• **Exercise prompt**:
Lines from the line with "Ação integra projeto" to the line with "O complexo está" in the entries below, and only those, must be output exactly, with both ends included.

Start of Data supplied

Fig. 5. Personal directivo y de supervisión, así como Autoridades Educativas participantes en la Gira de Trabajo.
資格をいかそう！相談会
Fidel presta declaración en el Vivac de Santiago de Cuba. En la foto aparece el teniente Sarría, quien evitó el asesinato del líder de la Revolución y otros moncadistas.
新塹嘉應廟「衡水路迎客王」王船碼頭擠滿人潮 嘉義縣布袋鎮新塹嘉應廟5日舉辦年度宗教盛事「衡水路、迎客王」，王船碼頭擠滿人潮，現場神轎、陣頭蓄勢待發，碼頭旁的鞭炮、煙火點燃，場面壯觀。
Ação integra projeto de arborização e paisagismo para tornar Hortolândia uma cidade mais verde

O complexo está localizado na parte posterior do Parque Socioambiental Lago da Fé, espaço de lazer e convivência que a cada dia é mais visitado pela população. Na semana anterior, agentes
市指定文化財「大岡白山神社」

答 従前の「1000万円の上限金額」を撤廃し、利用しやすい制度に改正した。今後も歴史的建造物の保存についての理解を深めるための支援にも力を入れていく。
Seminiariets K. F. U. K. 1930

End of Data supplied
Start of Data supplied

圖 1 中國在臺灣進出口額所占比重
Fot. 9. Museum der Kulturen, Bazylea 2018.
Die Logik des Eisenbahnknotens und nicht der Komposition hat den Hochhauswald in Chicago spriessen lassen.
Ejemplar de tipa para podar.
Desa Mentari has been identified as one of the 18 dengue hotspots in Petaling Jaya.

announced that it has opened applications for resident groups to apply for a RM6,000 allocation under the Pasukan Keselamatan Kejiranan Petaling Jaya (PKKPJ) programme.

End of Data supplied

• **Output of the task**:
Ação integra projeto de arborização e paisagismo para tornar Hortolândia uma cidade mais verde

O complexo está localizado na parte posterior do Parque Socioambiental Lago da Fé, espaço de lazer e convivência que a cada dia é mais visitado pela população. Na semana anterior, agentes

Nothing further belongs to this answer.